二次設計は3つのルートに分かれていて、建物規模等によって、設計のルートが変わってきます。検討の内容は細かくは構造種別ごとに異なりますが、ここでは大きな枠組みを理解できるようにしたいと思います。下に耐震計算の流れを示します。
まず、一次設計が終わると、計画する建物の規模等により耐震設計のルートを選択します。規模の区分けは、構造種別ごとに異なるので、ここでは割愛します。
ルート1:比較的小さな規模の建築物が選択できる計算ルートです。耐震に対する基本的な考え方は、建築物に十分な強度を持たせることで大地震に対する安全性を確保する点です。裏を返すと、靭性には期待しない設計法となります。具体的な例としては、RC造の場合は一定以上の壁量や柱量の確保などが、規定として設けられて、それをクリアするように設計することになります。
ルート2:ルート1が想定する建物規模よりは大きいが、高さが31m以下の建築物が対象になります。耐震に対する基本的な考え方は、高さ方向の剛性変化や偏心を小さくし、かつ、比較的簡便な考え方によって、一定以上の強度、剛性及び靭性を確保することで大地震に対する安全性を確保します。具体的には、
各階の層間変形角が1/200以内であること
各階の剛性率が0.6以上であること
各階の偏心率が0.15以下であること
を確認します。
その後、各構造種別ごとに定めれた規定をクリアするように設計を行います。上記の数値は基本的なものなので、試験に臨むまでには絶対に理解・記憶しておきたいところです。
ルート3:ルート1,2の対象外となる高さ31m超の建築物に適用されます。耐震設計に対する基本的な考え方は、保有水平耐力計算を行う事になります。保有水平耐力計算については、別途解説したいと思いますが、大まかには建物の靭性性能を評価して、地震入力エネルギーよりも、建物が吸収できるエネルギーを大きくすることを目指す設計法です。

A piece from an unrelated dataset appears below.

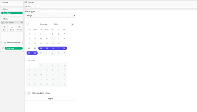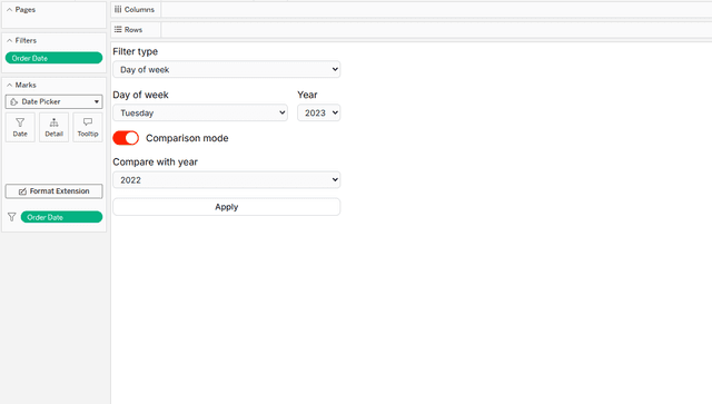 The Date Picker extension for Tableau is a powerful tool designed to enhance your data visualization experience. It allows users to easily filter data by date, making it simple to focus on specific timeframes or compare different periods. With its intuitive interface, users can select date ranges or predefined periods, such as "current month," to streamline their analysis. This extension is particularly useful for comparing data across time periods, enabling users to gain insights by juxtaposing current data with historical trends.
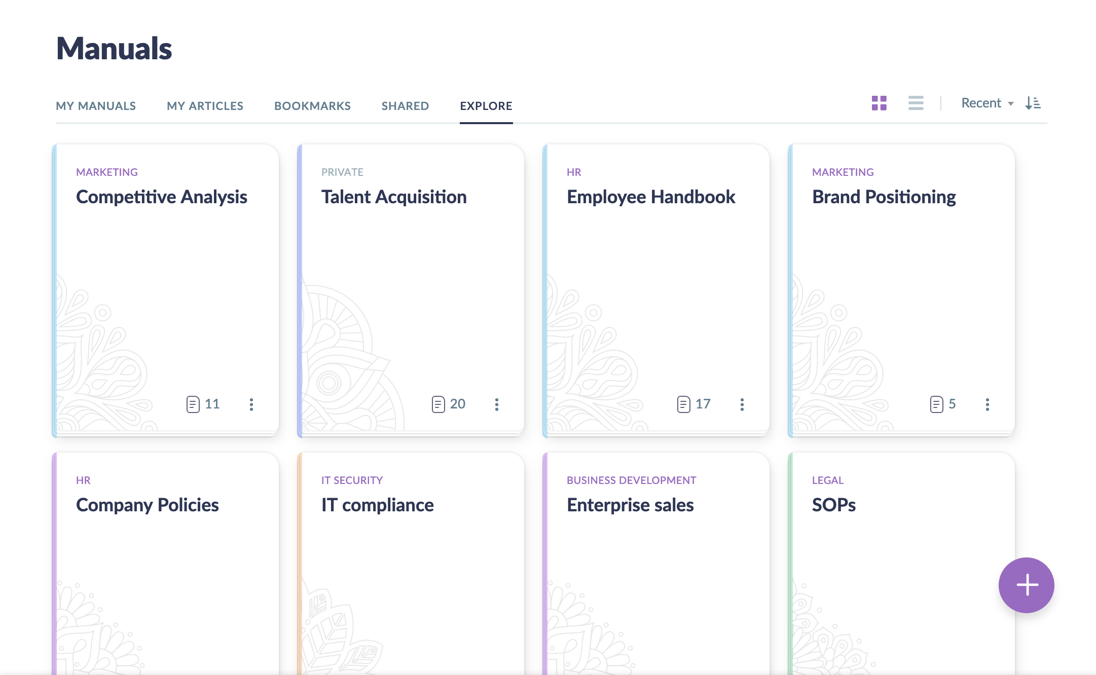 一部の情報は、組織内のすべてのチームに共通の場合があります。このような情報は公開マニュアルとして管理できます。公開マニュアルは、Exploreタブから利用できます。

建物の構造設計は、はり間、けた行(X・Y)の2方向について計算します。(斜め方向についても検討することもありますが、最低2方向は行われます。)その時、各方向で異なった耐震計算ルートを選択することができます。例えば、はり間方向は壁が沢山あるからルート1、けた行方向は壁が余り入れられないからルート3のように設計することができます。一方、原則として、階ごとには異なるルートを適用することはできません。